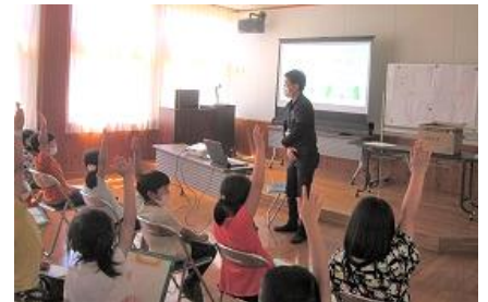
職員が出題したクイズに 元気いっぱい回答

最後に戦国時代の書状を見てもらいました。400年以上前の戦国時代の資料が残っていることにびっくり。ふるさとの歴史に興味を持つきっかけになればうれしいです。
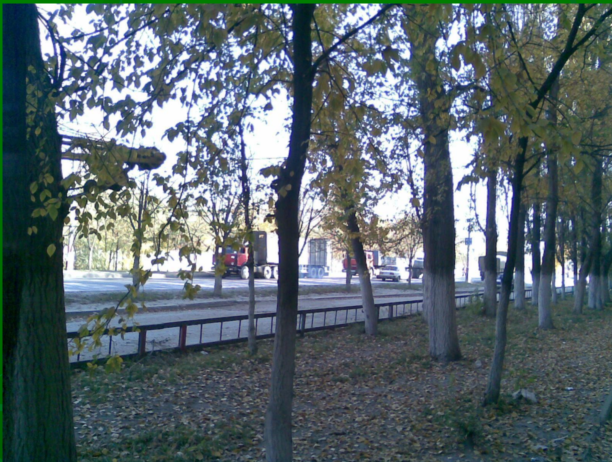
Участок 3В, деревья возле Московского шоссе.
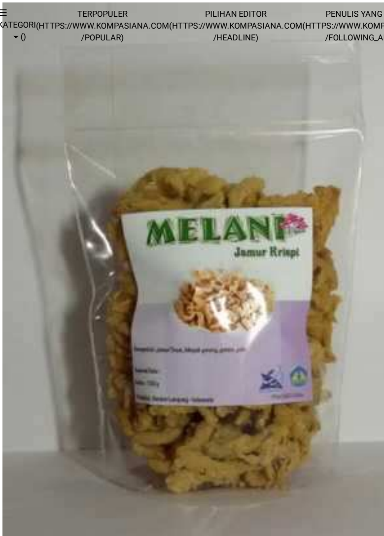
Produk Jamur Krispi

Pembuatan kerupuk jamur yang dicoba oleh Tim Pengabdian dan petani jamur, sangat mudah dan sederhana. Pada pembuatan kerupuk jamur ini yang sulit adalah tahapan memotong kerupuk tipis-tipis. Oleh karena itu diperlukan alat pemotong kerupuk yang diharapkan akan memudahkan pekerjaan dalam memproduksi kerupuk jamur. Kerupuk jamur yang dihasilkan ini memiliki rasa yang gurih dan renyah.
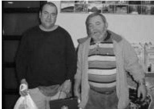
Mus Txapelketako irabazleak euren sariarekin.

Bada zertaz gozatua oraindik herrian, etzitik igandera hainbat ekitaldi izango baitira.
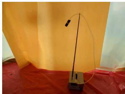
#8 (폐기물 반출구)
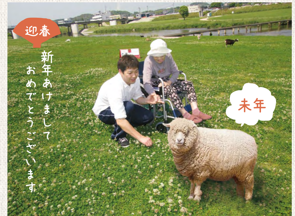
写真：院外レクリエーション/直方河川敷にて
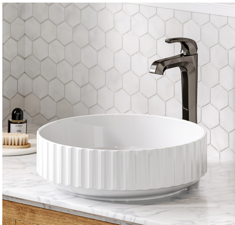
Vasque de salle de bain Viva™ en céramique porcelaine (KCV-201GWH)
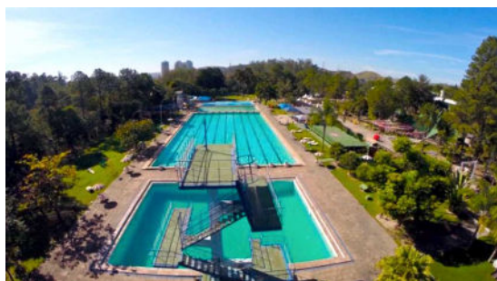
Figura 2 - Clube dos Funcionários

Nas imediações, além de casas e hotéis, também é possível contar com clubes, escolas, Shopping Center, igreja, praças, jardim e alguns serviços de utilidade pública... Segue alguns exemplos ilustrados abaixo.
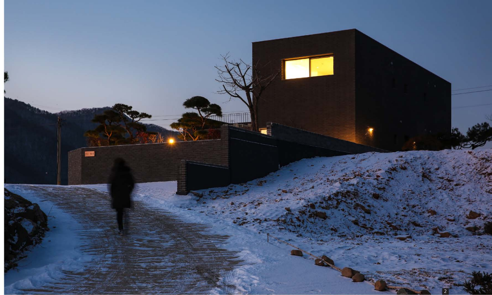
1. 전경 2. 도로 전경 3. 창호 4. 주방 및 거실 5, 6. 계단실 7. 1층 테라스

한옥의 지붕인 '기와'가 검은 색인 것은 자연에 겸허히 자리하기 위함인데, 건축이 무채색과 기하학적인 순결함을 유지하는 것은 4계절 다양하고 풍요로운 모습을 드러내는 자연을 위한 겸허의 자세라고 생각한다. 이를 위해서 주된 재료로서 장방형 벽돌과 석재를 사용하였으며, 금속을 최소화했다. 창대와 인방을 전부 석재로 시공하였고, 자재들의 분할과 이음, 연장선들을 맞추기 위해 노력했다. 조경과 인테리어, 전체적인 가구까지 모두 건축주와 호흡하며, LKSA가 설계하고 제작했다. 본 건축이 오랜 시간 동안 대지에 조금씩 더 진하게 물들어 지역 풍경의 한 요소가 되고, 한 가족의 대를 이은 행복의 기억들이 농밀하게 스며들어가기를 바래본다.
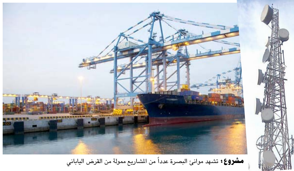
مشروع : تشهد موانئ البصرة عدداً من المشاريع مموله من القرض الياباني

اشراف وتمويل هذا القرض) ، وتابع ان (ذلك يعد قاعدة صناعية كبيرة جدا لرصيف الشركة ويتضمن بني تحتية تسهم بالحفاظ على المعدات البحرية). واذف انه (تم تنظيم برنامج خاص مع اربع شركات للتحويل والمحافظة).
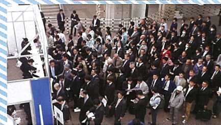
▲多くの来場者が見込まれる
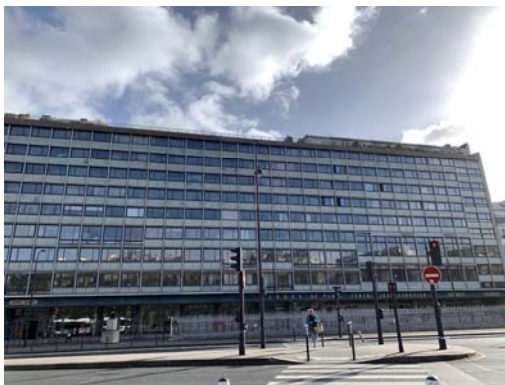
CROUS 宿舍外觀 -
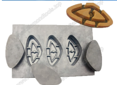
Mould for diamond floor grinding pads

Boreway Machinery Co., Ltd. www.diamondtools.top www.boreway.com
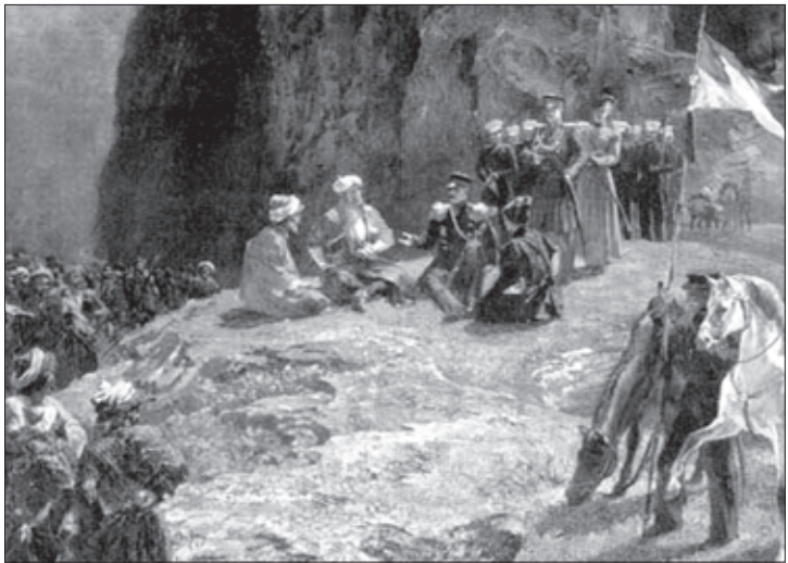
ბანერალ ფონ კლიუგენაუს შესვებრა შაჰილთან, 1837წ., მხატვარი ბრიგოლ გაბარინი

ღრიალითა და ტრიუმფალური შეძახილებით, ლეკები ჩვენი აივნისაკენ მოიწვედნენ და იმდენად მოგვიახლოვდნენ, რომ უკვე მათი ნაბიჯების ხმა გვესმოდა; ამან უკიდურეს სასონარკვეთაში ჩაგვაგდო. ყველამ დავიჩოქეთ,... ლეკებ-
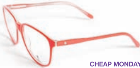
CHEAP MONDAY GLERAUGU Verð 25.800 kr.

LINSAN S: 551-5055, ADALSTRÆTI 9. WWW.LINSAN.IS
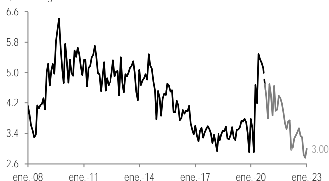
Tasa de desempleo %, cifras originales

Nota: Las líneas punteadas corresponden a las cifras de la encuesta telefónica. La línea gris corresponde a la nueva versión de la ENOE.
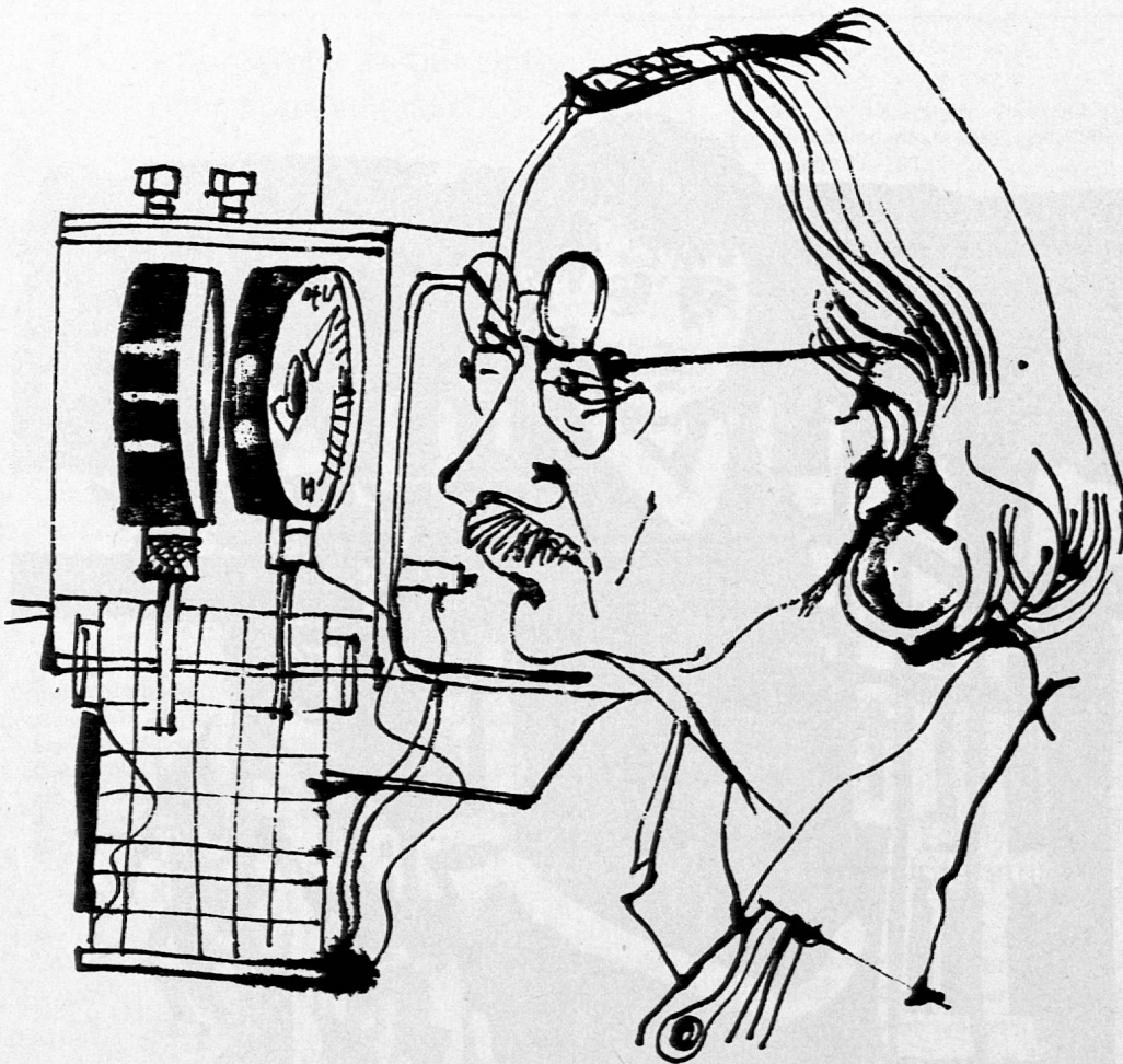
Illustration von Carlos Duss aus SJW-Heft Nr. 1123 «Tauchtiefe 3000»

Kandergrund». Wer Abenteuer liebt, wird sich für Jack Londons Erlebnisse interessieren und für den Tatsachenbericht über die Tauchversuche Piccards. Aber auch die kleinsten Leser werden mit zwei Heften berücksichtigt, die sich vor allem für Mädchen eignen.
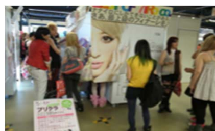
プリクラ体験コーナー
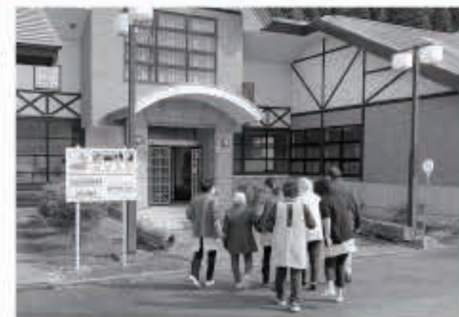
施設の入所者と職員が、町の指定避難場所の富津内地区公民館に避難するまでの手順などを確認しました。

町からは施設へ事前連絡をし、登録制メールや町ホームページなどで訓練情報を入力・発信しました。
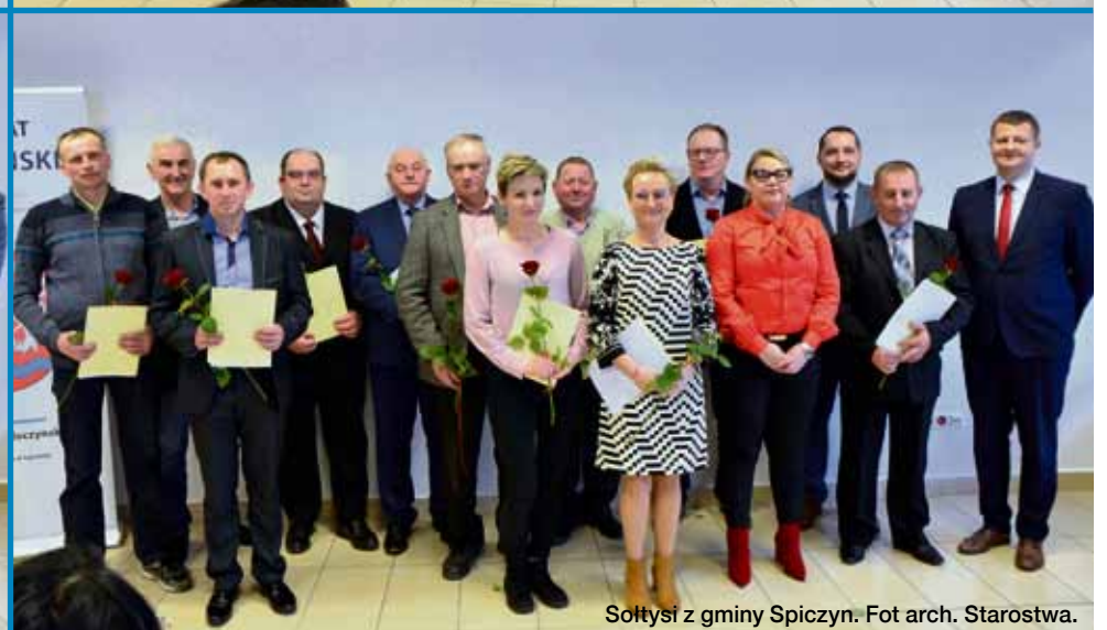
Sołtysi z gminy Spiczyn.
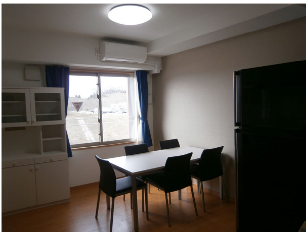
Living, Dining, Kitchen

-=-=-

WORK INSTRUCTIONS:
Everything in the entries except the images must be copied exactly.

TASK RESULT:
職員が出題したクイズに 元気いっぱい回答

最後に戦国時代の書状を見てもらいました。400年以上前の戦国時代の資料が残っていることにびっくり。ふるさとの歴史に興味を持つきっかけになればうれしいです。
Участок 3В, деревья возле Московского шоссе.
Produk Jamur Krispi

Pembuatan kerupuk jamur yang dicoba oleh Tim Pengabdian dan petani jamur, sangat mudah dan sederhana. Pada pembuatan kerupuk jamur ini yang sulit adalah tahapan memotong kerupuk tipis-tipis. Oleh karena itu diperlukan alat pemotong kerupuk yang diharapkan akan memudahkan pekerjaan dalam memproduksi kerupuk jamur. Kerupuk jamur yang dihasilkan ini memiliki rasa yang gurih dan renyah.
Mus Txapelketako irabazleak euren sariarekin.

Bada zertaz gozatua oraindik herrian, etzitik igandera hainbat ekitaldi izango baitira.
#8 (폐기물 반출구)
写真：院外レクリエーション/直方河川敷にて
Vasque de salle de bain Viva™ en céramique porcelaine (KCV-201GWH)
Figura 2 - Clube dos Funcionários

Nas imediações, além de casas e hotéis, também é possível contar com clubes, escolas, Shopping Center, igreja, praças, jardim e alguns serviços de utilidade pública... Segue alguns exemplos ilustrados abaixo.
1. 전경 2. 도로 전경 3. 창호 4. 주방 및 거실 5, 6. 계단실 7. 1층 테라스

한옥의 지붕인 '기와'가 검은 색인 것은 자연에 겸허히 자리하기 위함인데, 건축이 무채색과 기하학적인 순결함을 유지하는 것은 4계절 다양하고 풍요로운 모습을 드러내는 자연을 위한 겸허의 자세라고 생각한다. 이를 위해서 주된 재료로서 장방형 벽돌과 석재를 사용하였으며, 금속을 최소화했다. 창대와 인방을 전부 석재로 시공하였고, 자재들의 분할과 이음, 연장선들을 맞추기 위해 노력했다. 조경과 인테리어, 전체적인 가구까지 모두 건축주와 호흡하며, LKSA가 설계하고 제작했다. 본 건축이 오랜 시간 동안 대지에 조금씩 더 진하게 물들어 지역 풍경의 한 요소가 되고, 한 가족의 대를 이은 행복의 기억들이 농밀하게 스며들어가기를 바래본다.
مشروع : تشهد موانئ البصرة عدداً من المشاريع مموله من القرض الياباني

اشراف وتمويل هذا القرض) ، وتابع ان (ذلك يعد قاعدة صناعية كبيرة جدا لرصيف الشركة ويتضمن بني تحتية تسهم بالحفاظ على المعدات البحرية). واذف انه (تم تنظيم برنامج خاص مع اربع شركات للتحويل والمحافظة).
▲多くの来場者が見込まれる
CROUS 宿舍外觀 -
Mould for diamond floor grinding pads

Boreway Machinery Co., Ltd. www.diamondtools.top www.boreway.com
ბანერალ ფონ კლიუგენაუს შესვებრა შაჰილთან, 1837წ., მხატვარი ბრიგოლ გაბარინი

ღრიალითა და ტრიუმფალური შეძახილებით, ლეკები ჩვენი აივნისაკენ მოიწვედნენ და იმდენად მოგვიახლოვდნენ, რომ უკვე მათი ნაბიჯების ხმა გვესმოდა; ამან უკიდურეს სასონარკვეთაში ჩაგვაგდო. ყველამ დავიჩოქეთ,... ლეკებ-
CHEAP MONDAY GLERAUGU Verð 25.800 kr.

LINSAN S: 551-5055, ADALSTRÆTI 9. WWW.LINSAN.IS
Tasa de desempleo %, cifras originales

Nota: Las líneas punteadas corresponden a las cifras de la encuesta telefónica. La línea gris corresponde a la nueva versión de la ENOE.
Illustration von Carlos Duss aus SJW-Heft Nr. 1123 «Tauchtiefe 3000»

Kandergrund». Wer Abenteuer liebt, wird sich für Jack Londons Erlebnisse interessieren und für den Tatsachenbericht über die Tauchversuche Piccards. Aber auch die kleinsten Leser werden mit zwei Heften berücksichtigt, die sich vor allem für Mädchen eignen.
プリクラ体験コーナー
施設の入所者と職員が、町の指定避難場所の富津内地区公民館に避難するまでの手順などを確認しました。

町からは施設へ事前連絡をし、登録制メールや町ホームページなどで訓練情報を入力・発信しました。
Sołtysi z gminy Spiczyn.
Living, Dining, Kitchen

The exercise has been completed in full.